As I watched him walk back up the steps into the tasting room, I added his information to what JJ had told me. I had been surprised to hear that Cappy interceded for the tasting room girl when she was caught with Giles. Usually it’s the weaker person in a relationship, invariably the woman, who ends up losing a job or reputation whenever there’s an illicit affair. But I knew Cappy was a fair woman and the least pretentious of the sisters. Maybe she was truly trying to be egalitarian about the situation—assigning blame to both sides where it should be.
Then again, I thought, following a group of khaki-clad wine tasters toward the rose garden, maybe Giles had had something really big on her . . . or the family, giving him the kind of power that would keep his ex-lover employed even under his spoiled wife’s aristocratic nose. Did Arcadia perhaps have some knowledge about what Giles had on the family? Why else would she put up with one of her husband’s lovers working so closely with him in the winery?
It took me about an hour to see the entire garden, which, according to the shiny brochure, contained ten acres of every type of rose imaginable. Many bushes were in full bloom because of the late summer weather. The sheer number of them was breathtaking. Reading the names of the roses—Apothecary’s Rose, Yankee Doodle, Bride’s Dream, Secret, Golden Wings, Don Juan, Magic Carrousel—reminded me of the names conceived for wines and quilts. In the center of the garden was a great old queenly rosebush thick with large, heady-smelling blooms—white with red tips. Surrounding it were seven slightly smaller bushes in shades of pink, yellow, and red-orange. The way the flowers were planted almost duplicated the actual Seven Sisters quilt pattern that I’d looked up this morning in my encyclopedia of quilt patterns. I wondered if whoever had planted them had known that. In the quilt pattern there was one star or “sister” in the middle and six surrounding it, similar to the constellation after which it was named.

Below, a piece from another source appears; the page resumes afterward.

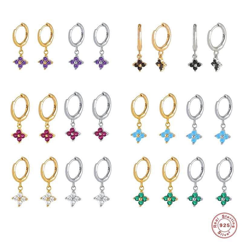 Aide 925 стерлингового серебра серьги в виде колец, с красочные циркониевое цветочное кулон для женщин подарок для девочек Петля серьги с кисточкой orecchini
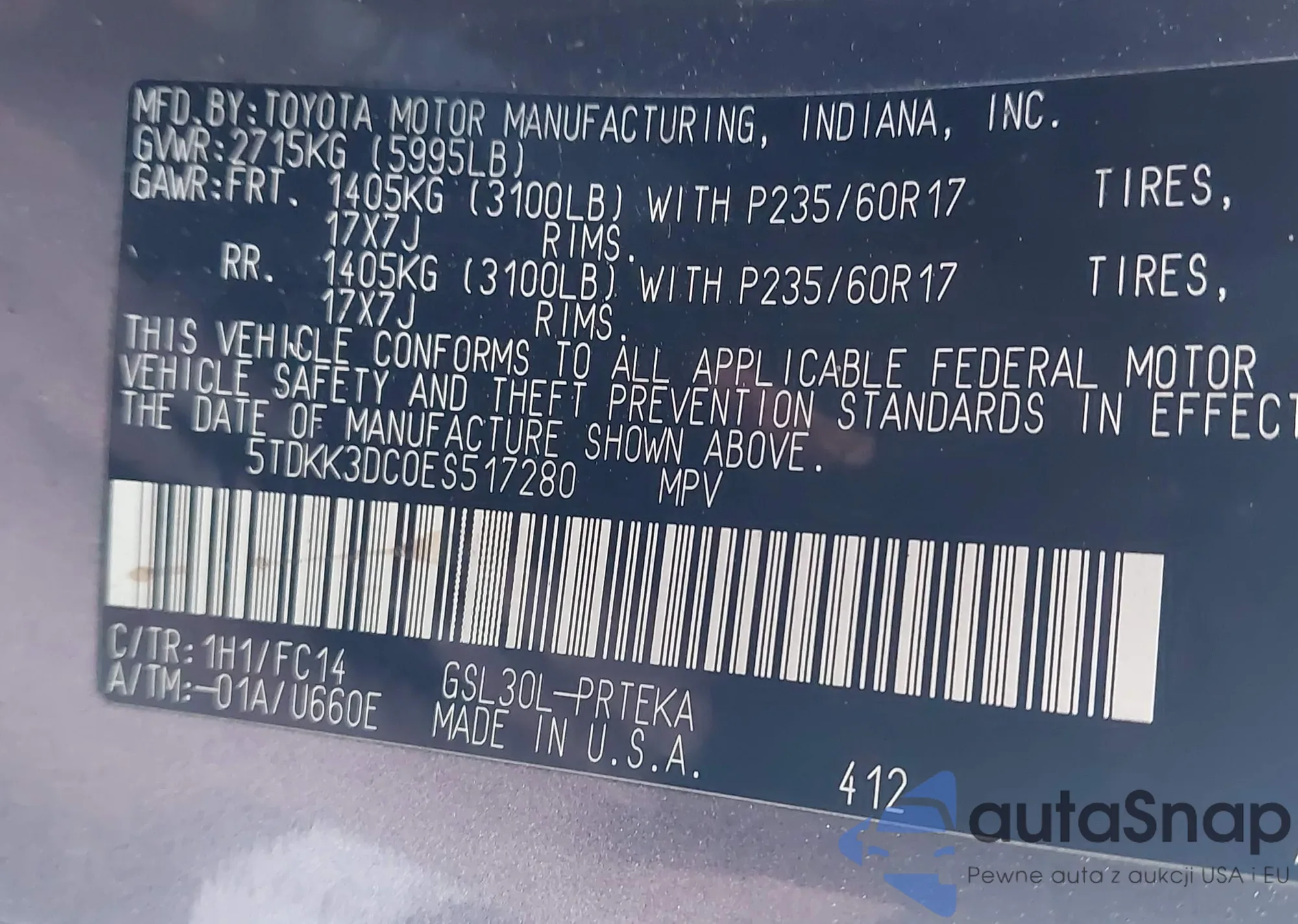 LOT: 43682774 VIN: 5TDKK3DC0ES517280

I glanced at the literature and saw the roses were hybrids named for the seven Brown sisters and their mother. The rose in the center was, naturally, Rose Jewel, the others Capitola Jewel, Willowdeen Jewel, Etta Jewel, Daisy Jewel, Dahlia Jewel, Beulah Jewel, and Bethany Jewel. The last four were obviously the two sets of twins who had died. What took their lives? Back in the early part of the century, it could have been anything. Many of the cemeteries around San Celina had tiny gravestones erected because of an encounter with influenza or some infectious disease that was incurable before our current medical advances. I wondered if the grandmother, Rose Jewel, thought much about the babies she’d lost so long ago. I sat down on one of the stone benches and listened to the trickling of the four fountains situated in each corner of the center courtyard. Wine tasters wandered up and down the rows, exclaiming over the roses, marveling at their size, abundance, and variety.
“Quite an awesome bush, isn’t it?” Susa Girard asked, sitting down next to me.
“It certainly is,” I agreed, surprised to see her. “Just how old is the Rose Jewel?”
“At least sixty years old,” she said. “It originally was up next to the house in a small rose garden that Great-Grandfather started. When he died, Grandma Rose couldn’t bear to look at them, much less care for them, so they were moved down here, and gradually this garden emerged. Jose, our ranch manager, has been the main caretaker since Great-Grandfather died. And with the winery, they’ve now become quite the attraction. It’s one of the biggest private rose gardens in California.”
“So it says here,” I said, holding up the brochure. We sat for a moment in silence.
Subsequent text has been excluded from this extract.